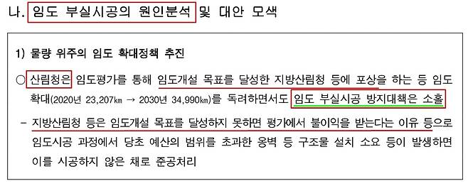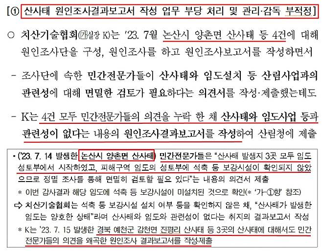 | ▲ 산사태 원인이 산림청의 임도 때문이라는 지적에도, 민간전문가들의 의견을 왜곡해서 조사 보고서를 작성했다고 감사원이 감사 결과를 발표했다. |
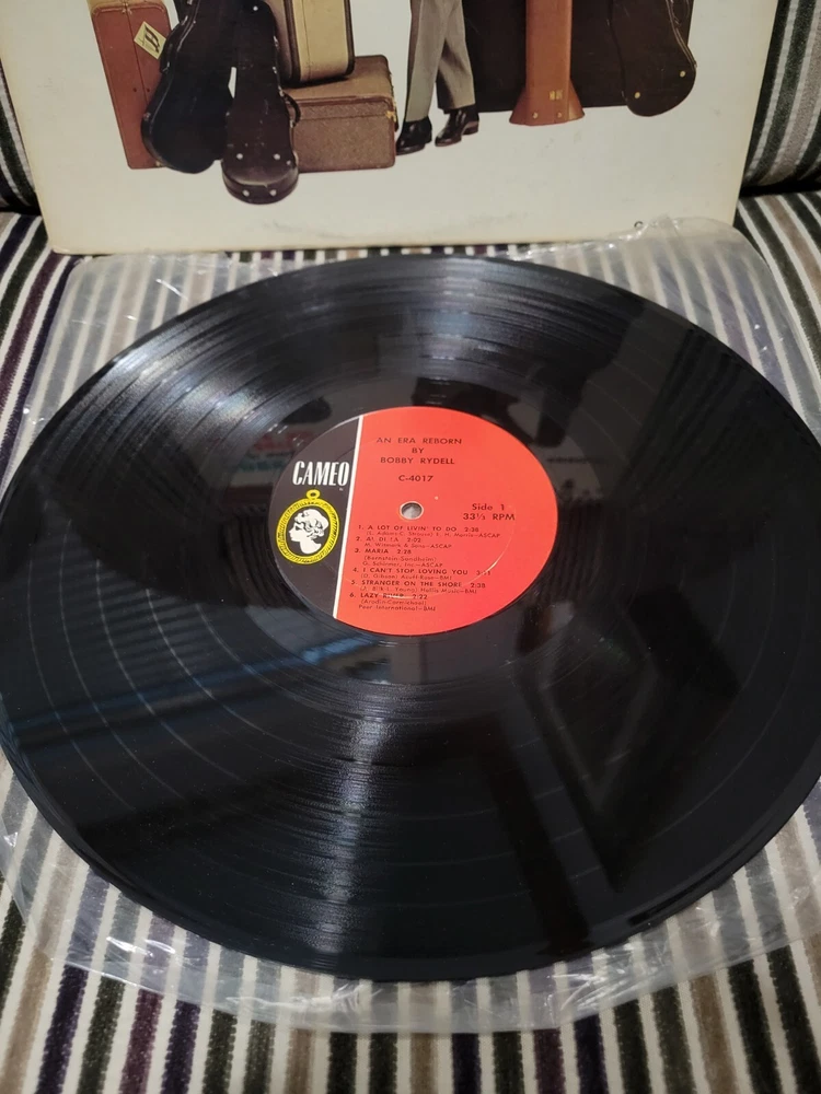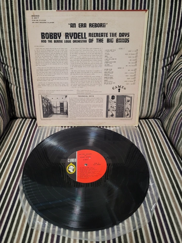 Language: English Release Title: An Era Reborn Features: Original Cover Fidelity Level: High-Fidelity Material: Vinyl Number of Audio Channels: 4 channels on 35MMF Genre: Pop, Rock, R&B & Soul Inlay Condition: Excellent (EX) Color: Black Sleeve Grading: Excellent (EX) Record Label: Cameo Records Record Size: 12" Record Grading: Very Good Plus (VG+) Format: Record Type: LP Artist: Bobby Rydell Country/Region of Manufacture: United States Release Year: 1962 Case Type: Cardboard Sleeve Style: Singer-Songwriter, 1960s, Classic R&B Edition: First Edition Speed: 33 RPM Era: 1960s
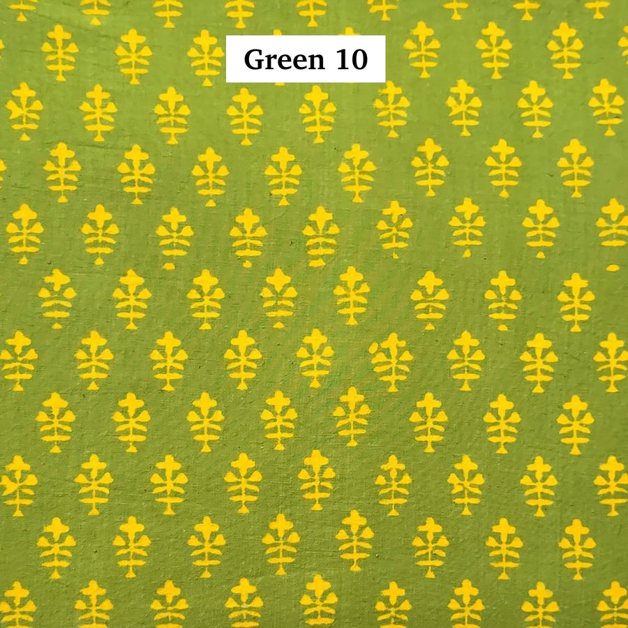 Block Printed Indian Cotton Fabric by the 1/4 Yard - Green 10
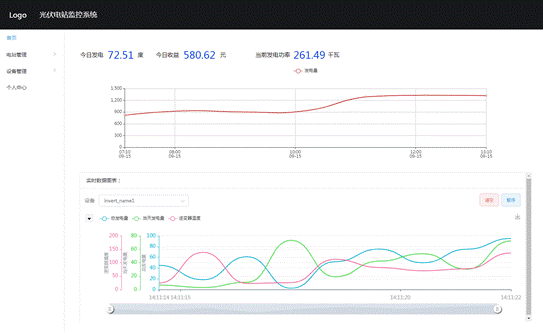 通过左侧导航、实时数据图表、文本框等组件,搭建了一个常规的光伏电站监控系统,可以查看光伏电站的发电情况。
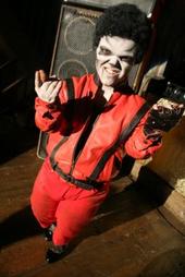 – El lider del grupo que imita a Michael Jackson como Mekill Hacksaw. El juego de palabras no lo entiendo, pero debe ser algo así como “Yomato consierras”.
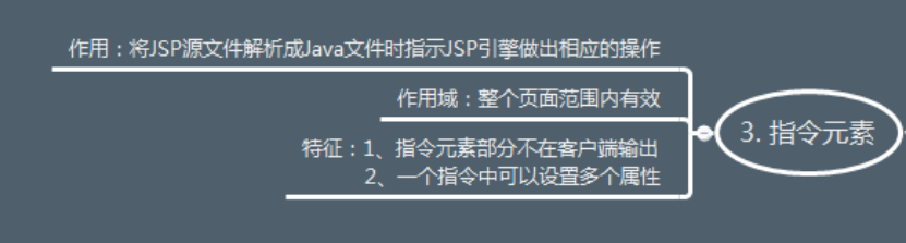 该元素的作用是在将JSP源文件解析成Java文件时指示JSP引擎做出相应的操作,从而达到预期的目的。JSP指令在整个页面范围内有效,且不在客户端产生任何输出。基本格式为:<%@指令 属性1="" ... 属性2="" %>常见的指令有: page、include、taglib,要注意“%”和“@”符号之间不能有空格。
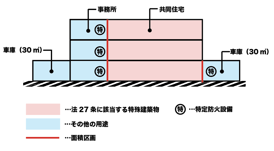 異種用途区画が必要になるのは、法27条に該当する規模・用途の特殊建築物に限る(よって、小規模な駐車場や店舗の場合は、不要となる)
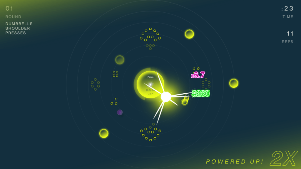 Players were intended to experience scenarios optimized to provide challenge and entertainment in addition to respecting screen attention deficits caused by exercise itself. In Orbital, the level design methodology was based on rewarding players for each successive rep made in a median tempo, and also their ability to apprehend, calculate, and respond to the collectibles and pitfalls arranged upon the game map. These game objects were spawned in waves, which gave players ever-changing points of focus in the game space. Just when spare rings were becoming more difficult to hit, new clusters would then appear, giving the impression of progression and giving new players new second-to-second goals.
==============================
Retype the records above exactly. Leave the pictures out.

 | ▲ 산사태 원인이 산림청의 임도 때문이라는 지적에도, 민간전문가들의 의견을 왜곡해서 조사 보고서를 작성했다고 감사원이 감사 결과를 발표했다. |
 Language: English Release Title: An Era Reborn Features: Original Cover Fidelity Level: High-Fidelity Material: Vinyl Number of Audio Channels: 4 channels on 35MMF Genre: Pop, Rock, R&B & Soul Inlay Condition: Excellent (EX) Color: Black Sleeve Grading: Excellent (EX) Record Label: Cameo Records Record Size: 12" Record Grading: Very Good Plus (VG+) Format: Record Type: LP Artist: Bobby Rydell Country/Region of Manufacture: United States Release Year: 1962 Case Type: Cardboard Sleeve Style: Singer-Songwriter, 1960s, Classic R&B Edition: First Edition Speed: 33 RPM Era: 1960s
 Block Printed Indian Cotton Fabric by the 1/4 Yard - Green 10
 通过左侧导航、实时数据图表、文本框等组件,搭建了一个常规的光伏电站监控系统,可以查看光伏电站的发电情况。
 – El lider del grupo que imita a Michael Jackson como Mekill Hacksaw. El juego de palabras no lo entiendo, pero debe ser algo así como “Yomato consierras”.
 该元素的作用是在将JSP源文件解析成Java文件时指示JSP引擎做出相应的操作,从而达到预期的目的。JSP指令在整个页面范围内有效,且不在客户端产生任何输出。基本格式为:<%@指令 属性1="" ... 属性2="" %>常见的指令有: page、include、taglib,要注意“%”和“@”符号之间不能有空格。
 異種用途区画が必要になるのは、法27条に該当する規模・用途の特殊建築物に限る(よって、小規模な駐車場や店舗の場合は、不要となる)
 Players were intended to experience scenarios optimized to provide challenge and entertainment in addition to respecting screen attention deficits caused by exercise itself. In Orbital, the level design methodology was based on rewarding players for each successive rep made in a median tempo, and also their ability to apprehend, calculate, and respond to the collectibles and pitfalls arranged upon the game map. These game objects were spawned in waves, which gave players ever-changing points of focus in the game space. Just when spare rings were becoming more difficult to hit, new clusters would then appear, giving the impression of progression and giving new players new second-to-second goals.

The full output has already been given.